October 29, 2014 at 2:16 pm
I got some xml that is essentially an html table that I need to turn into a standard table resultset from a stored proc. If you take this xml and save it as html that is the desired resultset I am looking for. I realize the <td> tags repeat so I would just prefer 'col' + positional index for the col name. Keep in mind that <td> could be is 1 to n. In the end if anyone can point me to some extensive xml Data Type Methods documentation that would be great.
<table>
<tr>
<td>cell1</td>
<td>cell2</td>
<td>cell3</td>
</tr>
<tr>
<td>cell4</td>
<td>cell5</td>
<td>cell6</td>
</tr>
<tr>
<td>cell7</td>
<td>cell8</td>
<td>cell9</td>
</tr>
</table>
This is my attempt but I can't figure out how to get separate cols
declare @GridData xml = '<table><tr><td>cell1</td><td>cell2</td><td>cell3</td></tr><tr><td>cell4</td><td>cell5</td><td>cell6</td></tr><tr><td>cell7</td><td>cell8</td><td>cell8</td></tr></table>'
select T.C.value('.', 'nvarchar(max)')
from @GridData.nodes('//tr') T(C)
October 29, 2014 at 2:37 pm
A quick solution, should get you passed this hurdle
😎
USE tempdb;
GO
SET NOCOUNT ON;
DECLARE @TXML XML = '<table>
<tr>
<td>cell1</td>
<td>cell2</td>
<td>cell3</td>
</tr>
<tr>
<td>cell4</td>
<td>cell5</td>
<td>cell6</td>
</tr>
<tr>
<td>cell7</td>
<td>cell8</td>
<td>cell9</td>
</tr>
</table>';
;WITH BASE_DATA AS
(
SELECT
ROW_NUMBER() OVER
(
PARTITION BY (SELECT NULL)
ORDER BY (SELECT NULL)
) AS ROW_ID
,TAB.DATA.query('*') AS RDATA
FROM @TXML.nodes('table/tr') AS TAB(DATA)
)
,COLUMN_DATA AS
(
SELECT
BD.ROW_ID
,ROW_NUMBER() OVER
(
PARTITION BY BD.ROW_ID
ORDER BY (SELECT NULL)
) AS COL_ID
,COL.DATA.value('.[1]','VARCHAR(50)') AS COL_VAL
FROM BASE_DATA BD
OUTER APPLY BD.RDATA.nodes('td') AS COL(DATA)
)
SELECT
CD.ROW_ID
,MAX(CASE WHEN CD.COL_ID = 1 THEN CD.COL_VAL END) AS COL_01
,MAX(CASE WHEN CD.COL_ID = 2 THEN CD.COL_VAL END) AS COL_02
,MAX(CASE WHEN CD.COL_ID = 3 THEN CD.COL_VAL END) AS COL_03
,MAX(CASE WHEN CD.COL_ID = 4 THEN CD.COL_VAL END) AS COL_04
,MAX(CASE WHEN CD.COL_ID = 5 THEN CD.COL_VAL END) AS COL_05
,MAX(CASE WHEN CD.COL_ID = 6 THEN CD.COL_VAL END) AS COL_06
,MAX(CASE WHEN CD.COL_ID = 7 THEN CD.COL_VAL END) AS COL_07
,MAX(CASE WHEN CD.COL_ID = 8 THEN CD.COL_VAL END) AS COL_08
,MAX(CASE WHEN CD.COL_ID = 9 THEN CD.COL_VAL END) AS COL_09
,MAX(CASE WHEN CD.COL_ID = 10 THEN CD.COL_VAL END) AS COL_10
FROM COLUMN_DATA CD
GROUP BY CD.ROW_ID;
Results
ROW_ID COL_01 COL_02 COL_03 COL_04 COL_05 ...

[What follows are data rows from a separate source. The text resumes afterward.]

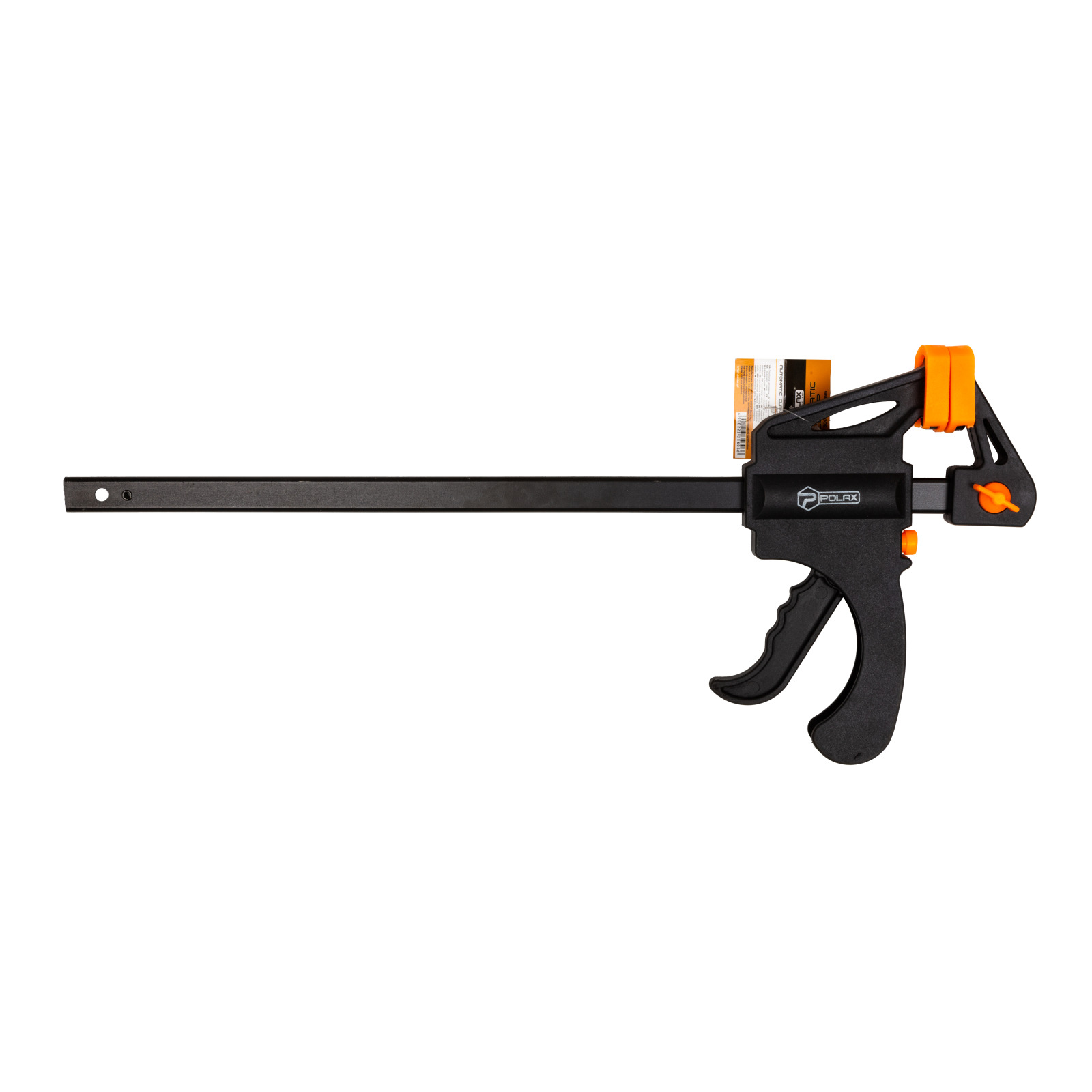 Zacisk stolarski automatyczny Polax 12" 300 x 475 x 65 mm (22-017) to nowoczesne i skuteczne narzędzie dla profesjonalnych stolarzy oraz wszystkich osób zajmujących się mocowaniem elementów podczas klejenia i obróbki materiałów. Zacisk ten jest niezawodnym i wygodnym rozwiązaniem. Zacisk Polax wykonany został z wytrzymałej stali oraz wysokiej jakości tworzywa ABS, dzięki czemu jest stabilny i trwały. To połączenie materiałów sprawia, że narzędzie jest jednocześnie lekkie i trwałe. Zacisk ma długość 475 mm, zapewniając maksymalny otwór 300 mm i głębokość mocowania 65 mm. Pozwala to na maksymalne mocowanie dużych i obszernych części niezawodność.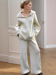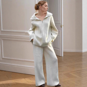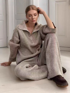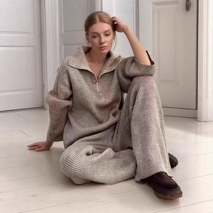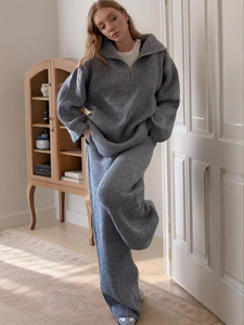 跨境半拉链针织毛衣套装女欧美2025秋冬新款翻领长袖阔腿长裤套装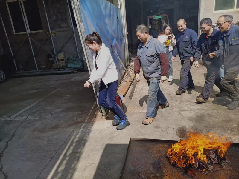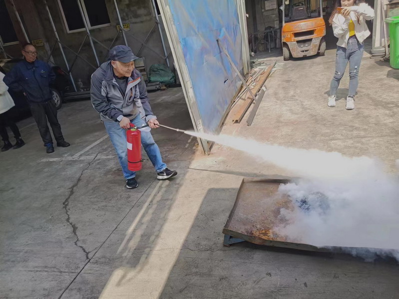 培訓中,總經(jīng)理沈揚就消防安全管理,火災的形成發(fā)展及滅火對策,如何報警、火災初期撲救、人員安全疏散及逃生自救等常識進行講解,并對滅火器的使用、維護、保養(yǎng)及注意事項進行現(xiàn)場培訓。培訓中,員工們認真聽講,隨后,車間施主任與安全員小范組織參會人員進行火災疏散和滅火演練,有效提升了大家的火災防患能力,組織火災初期撲救能力和疏散逃生自救能力。

------- ------- ------- ------- ------- -------...
1 cell1 cell2 cell3 NULL NULL ...
2 cell4 cell5 cell6 NULL NULL ...
3 cell7 cell8 cell9 NULL NULL ...
October 29, 2014 at 3:01 pm
That's f***ing impressive, I have been working with various langs for more than 15 years and usually you can gauge how complex something is and how much code it might take to accomplish something. I was not expecting to see the code this complex for especially when you think of how easy it is what want I to do just by using in a foreach in xsl. Damn m$. Now I just to need figure exactly how this code is working, thanks for your help!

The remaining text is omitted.